The Congressional Budget Office's new Director, Doug Elmendorf, said increasing health insurance pools – a concept contained in President Barack Obama's plan to expand healthcare coverage – will not work without mandating coverage. Without mandating, only the sick will purchase insurance, jacking the price for those who aren't sick and driving away those who only marginally wanted to purchase it in the first place.
It will take time to make a change and investment up front, Elmendorf said.
"It's a big ship that's not moving that fast, but it's very big and very hard to turn," he said. "No doubt, if you started shifting incentives, the faster the ship will turn."
Many believe, along with President Obama, that healthcare IT will lay a foundation for change in the U.S. healthcare system and a venue for improving quality of care, cutting costs and saving lives. Healthcare IT will also allow the government to pay providers based on performance.
Cathy Schoen, senior vice president of The Commonwealth Fund, told the Senate HELP Committee that changes will require new leadership and collaboration across public and private sectors.
"Effective payment reforms will require time to develop and implement and flexibility to innovate as the nation learns," she said – a notion backed by the CBO. "Information systems require investment and time to yield maximum returns through adoption and use."
"Yet, wide public concern and stress on businesses and public sectors make it increasingly clear that we cannot afford to maintain the status quo. Each year we wait, the problems grow worse," Schoen said.
Sen. Sherrod Brown (D-Ohio), on the Senate HELP Committee, said, "It’s not enough to fight for affordable coverage, we must fight for real coverage. Health insurance shouldn’t be a vehicle for punishing the sick and rewarding the healthy. It shouldn’t be a hammer that beats healthcare costs down by arbitrarily denying care to those who need it."
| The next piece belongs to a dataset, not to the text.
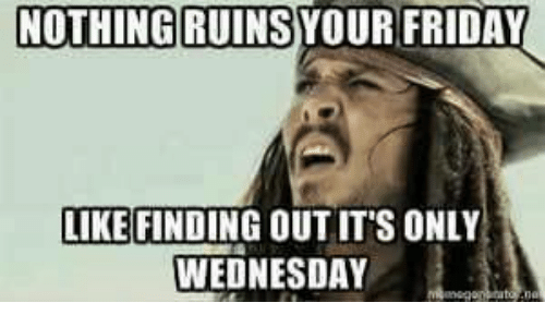 nothing-ruins-your-friday-like-finding-out-its-only-wednesday-123289759095536592424581140.png March 21, 2018 500 × 300 nothing-ruins-your-friday-like-finding-out-its-only-wednesday-123289759095536592424581140.png Share this: Share on Facebook (Opens in new window) Facebook Share on Threads (Opens in new window) Threads Share on Bluesky (Opens in new window) Bluesky More Share on Tumblr (Opens in new window) Tumblr Email a link to a friend (Opens in new window) Email Print (Opens in new window) Print Share on Pinterest (Opens in new window) Pinterest Like Loading...

Sen. Max Baucus (D-Mont.), chairman of the Senate Finance Committee, said healthcare is the next big objective. "We need fundamental reform in cost, quality and coverage. We need to address all three objectives at the same time. They are interconnected," he said.
Republicans agree that reform is urgent and necessary, but differ on the means needed to get there. Sen. Charles Grassley (R-Iowa), disturbed by the lack of debate over the stimulus package, urged caution. "I have heard some folks say it is our moral responsibility to provide healthcare coverage for all. We have an equal if not greater moral responsibility to do so in a fiscally sustainable manner," he said.
Grassley said he is wary of spending money up front to reap savings in the future. "The President has an opportunity as he walks this razor’s edge between a broken healthcare system and fiscal catastrophe," he said.
Obama has called a gathering of stakeholders and a bipartisan mix of lawmakers to meet next week and begin the difficult work of smoothing out differences. The Obama administration had plans for healthcare reform prepared prior to the election, and the Senate Finance Committee has held hearings on the issue since last summer. Last fall, key Democratic congressional leaders said they were "ready to roll" on healthcare reform, and they will take the cue from Obama's guidelines.